(Task description): Transcribe each record word for word. Skip the images.

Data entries
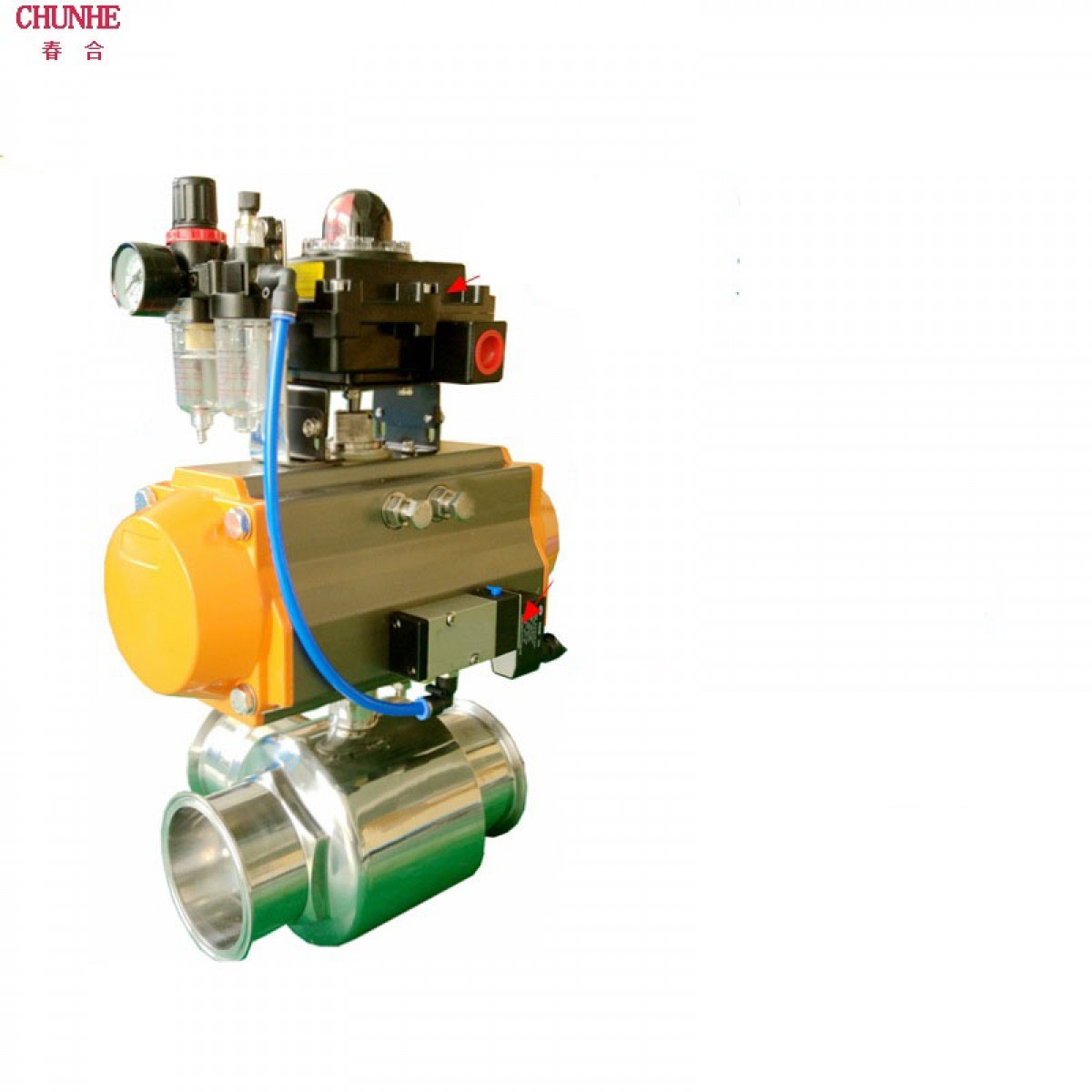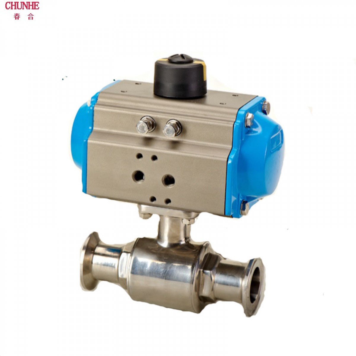 商品名称:春合 不锈钢316T型三通快装卡箍式气动球阀 Q685F-16R
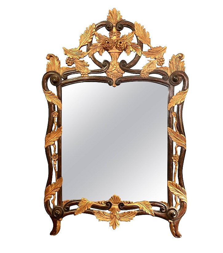 For instance, the Gothic era featured mirrors that often had an oak frame, intricate carvings, and an arch shape. For Baroque, the frames are usually gold or silver gilding. Rococo frames were often made of walnut or mahogany wood, which is pretty dark comparatively, gilded, ornate, and heavy.
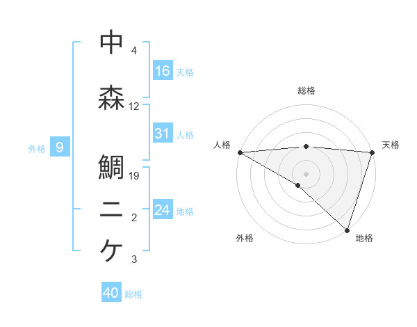 中森 鯛ニケさんの地格は24画の5点!
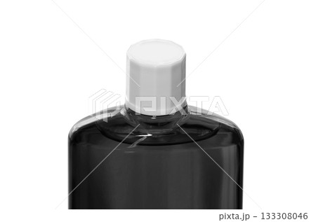 【切り抜き透過背景素材】スクリューキャップを閉めた育毛剤の黒色半透明のボトル
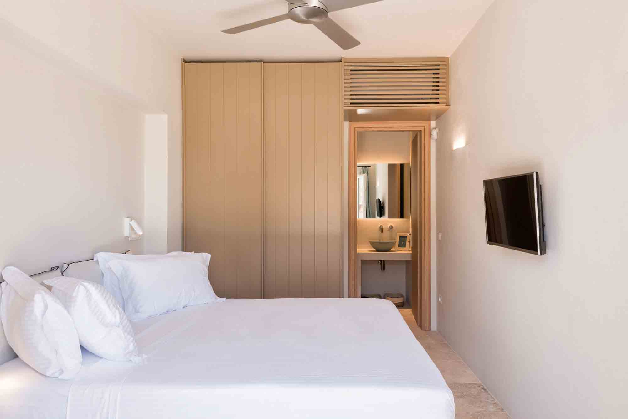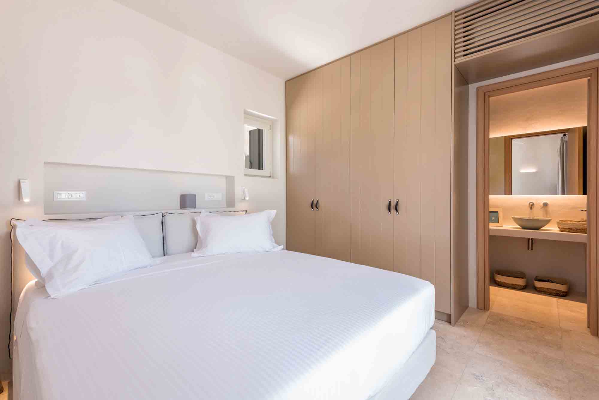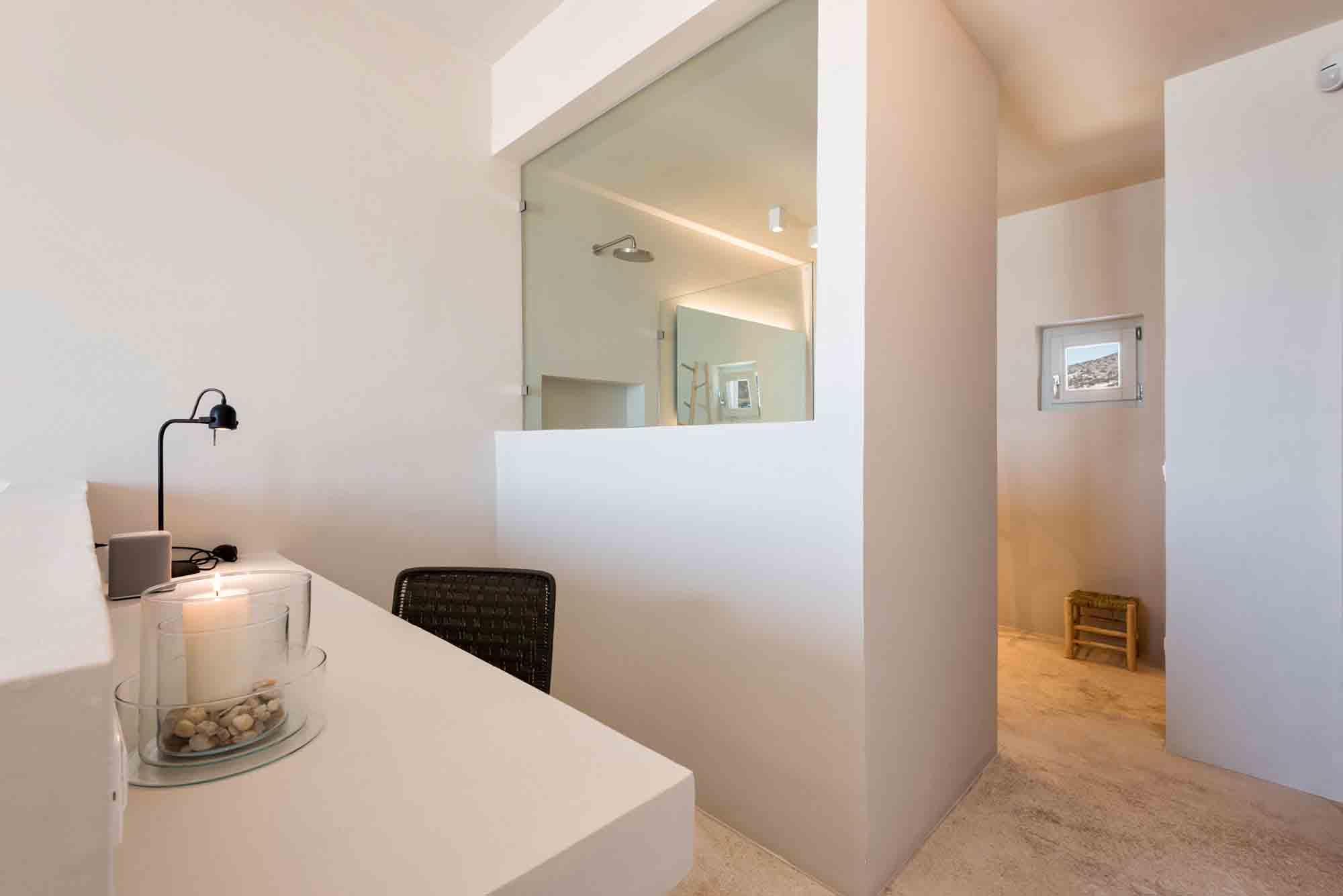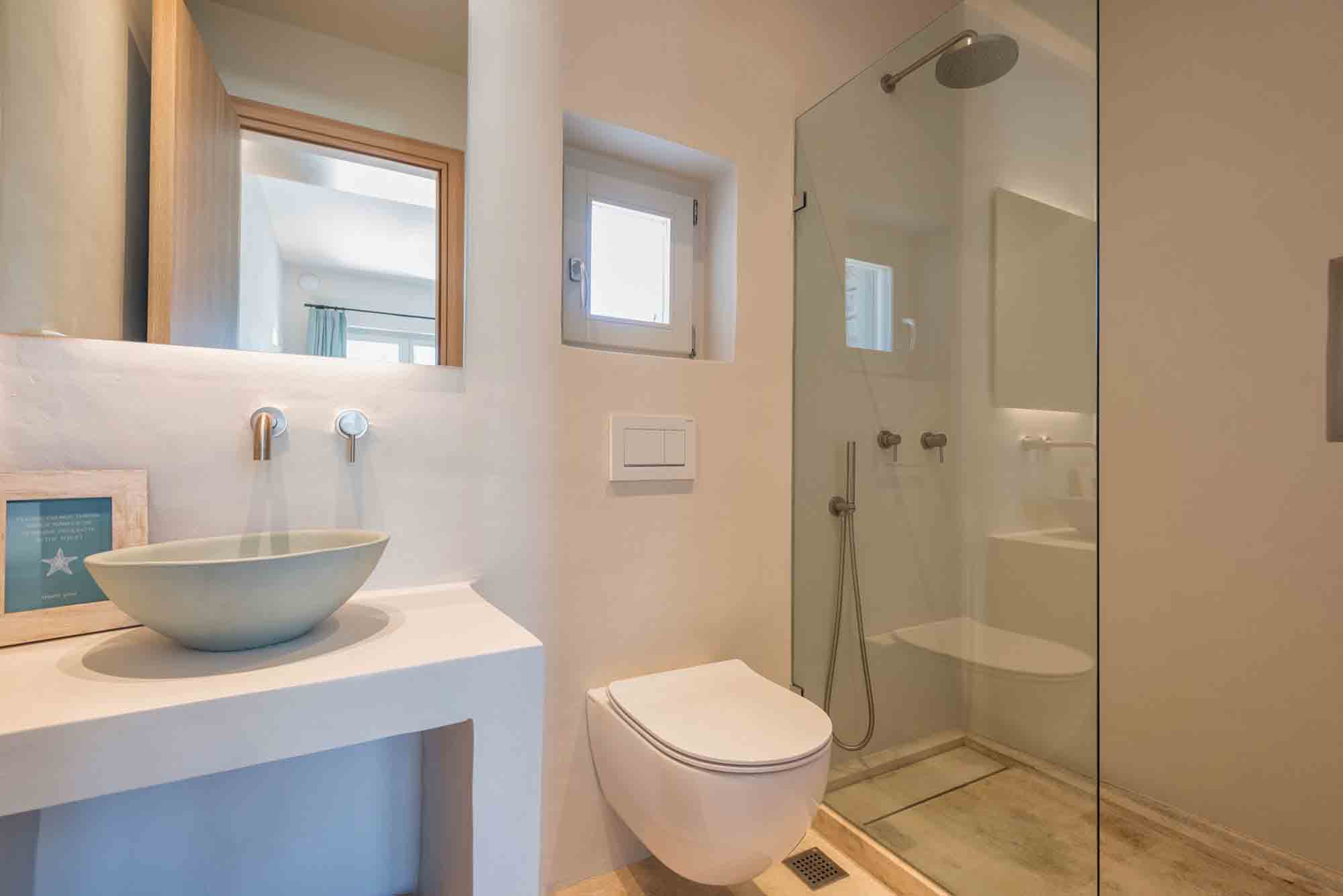 Each villa consists of 3 different settlements. The main house which is at the front side and offers a fully equipped kitchen, living and dining at the ground level, as well as an en-suite master bedroom on the upper level with private terrace and splendid views. Then there are two independent guesthouses, one with a double bedroom en-suite and one with two double bedrooms, both en-suite.
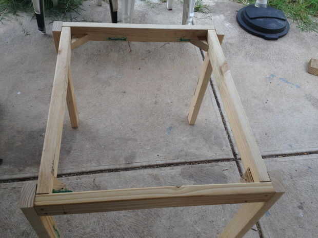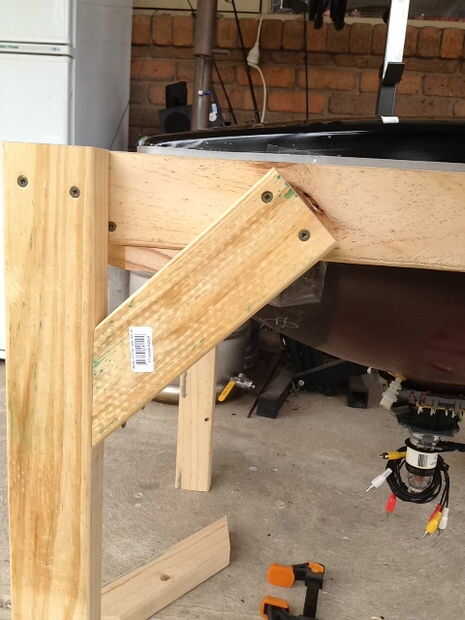 Luego pongo 45 grados refuerzo soportes en las piernas así como robusto para arriba.
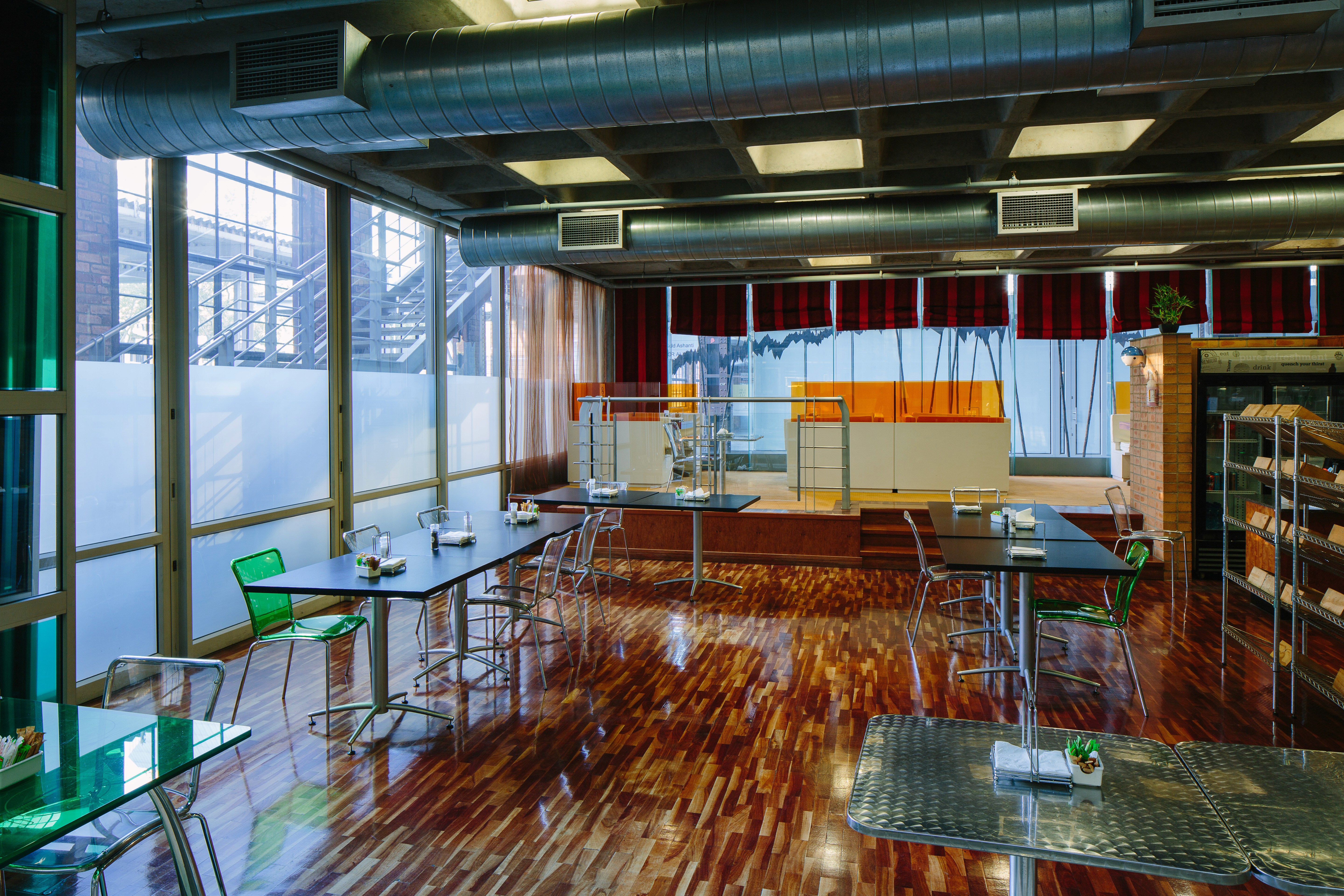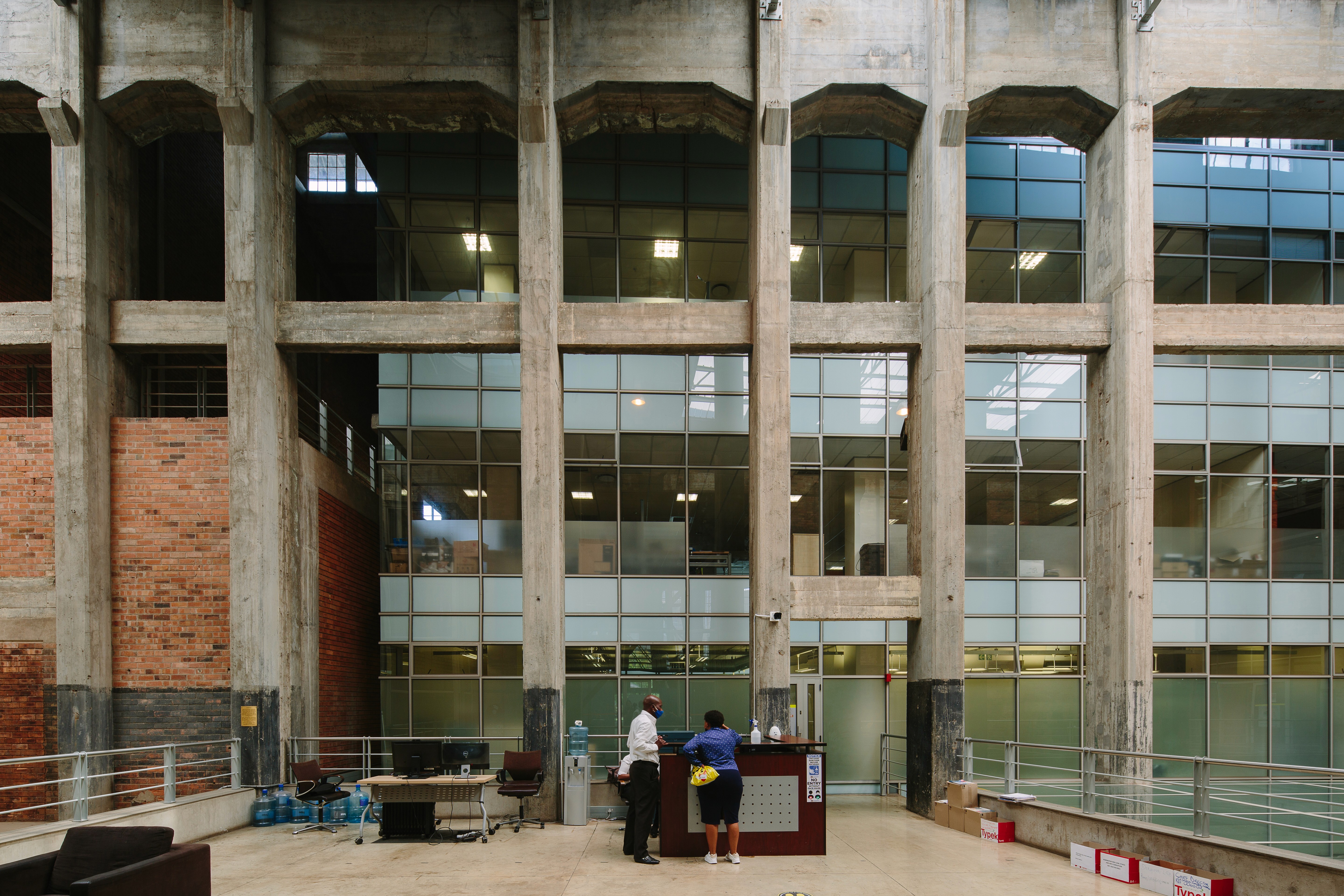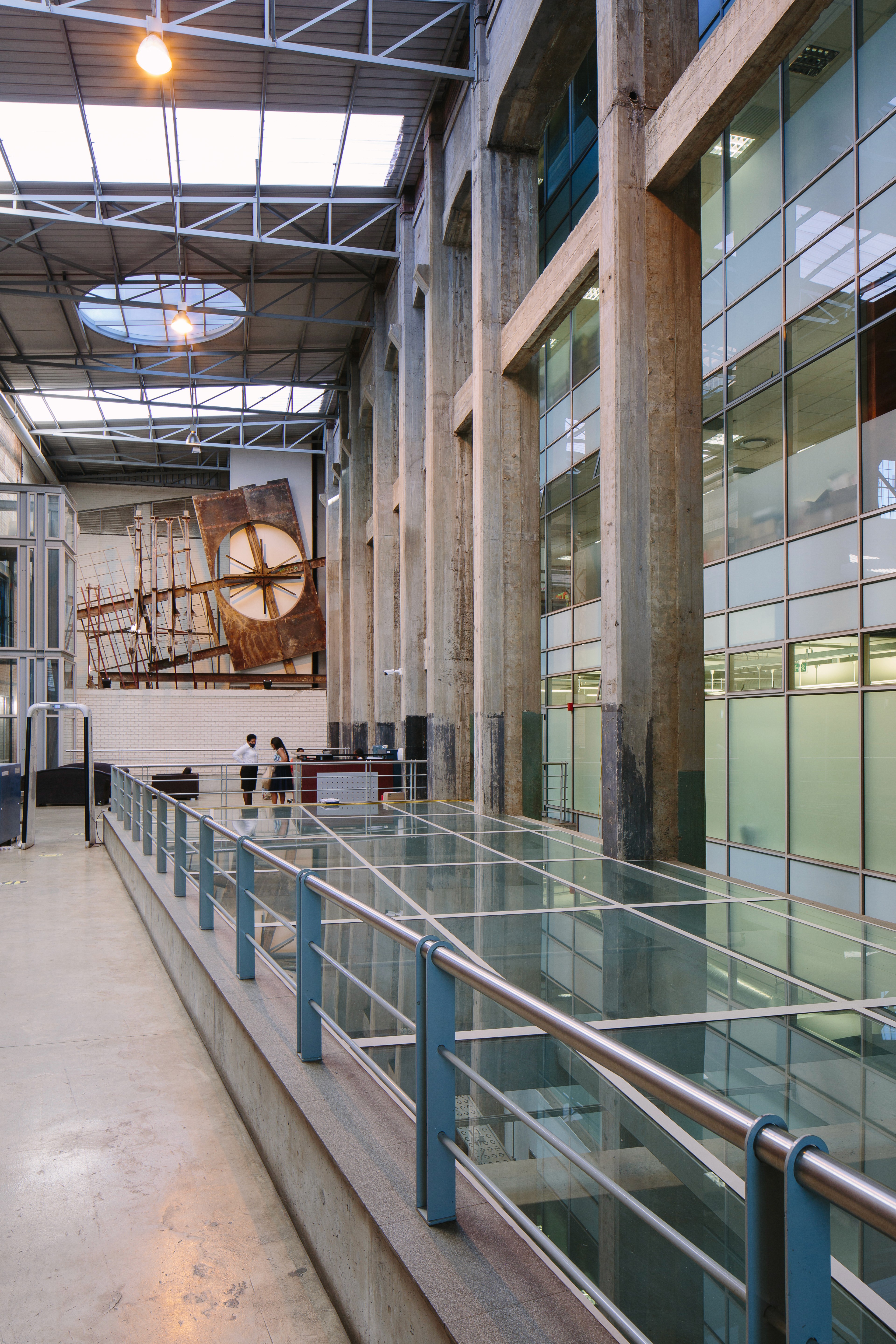 Hall and the South Boiler house to create a set of layered public and private spaces.The existing steel structure to the south boiler house was left in its rusted state to preserve the contrasting original character to the new office space.
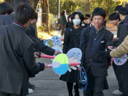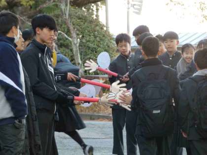 ハイタッチ棒を使って、ハイタッチをしながら挨拶をしています。
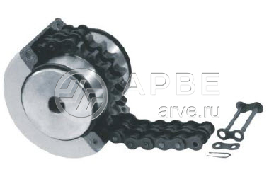 Под двумя крышками двухрядная роликовая цепь входит в зацепление с двумя ступицами с зубьями, отсюда и передается крутящий момент.

(Your solution):
 商品名称:春合 不锈钢316T型三通快装卡箍式气动球阀 Q685F-16R
 For instance, the Gothic era featured mirrors that often had an oak frame, intricate carvings, and an arch shape. For Baroque, the frames are usually gold or silver gilding. Rococo frames were often made of walnut or mahogany wood, which is pretty dark comparatively, gilded, ornate, and heavy.
 中森 鯛ニケさんの地格は24画の5点!
 【切り抜き透過背景素材】スクリューキャップを閉めた育毛剤の黒色半透明のボトル
 Each villa consists of 3 different settlements. The main house which is at the front side and offers a fully equipped kitchen, living and dining at the ground level, as well as an en-suite master bedroom on the upper level with private terrace and splendid views. Then there are two independent guesthouses, one with a double bedroom en-suite and one with two double bedrooms, both en-suite.
 Luego pongo 45 grados refuerzo soportes en las piernas así como robusto para arriba.
 Hall and the South Boiler house to create a set of layered public and private spaces.The existing steel structure to the south boiler house was left in its rusted state to preserve the contrasting original character to the new office space.
 ハイタッチ棒を使って、ハイタッチをしながら挨拶をしています。
 Под двумя крышками двухрядная роликовая цепь входит в зацепление с двумя ступицами с зубьями, отсюда и передается крутящий момент.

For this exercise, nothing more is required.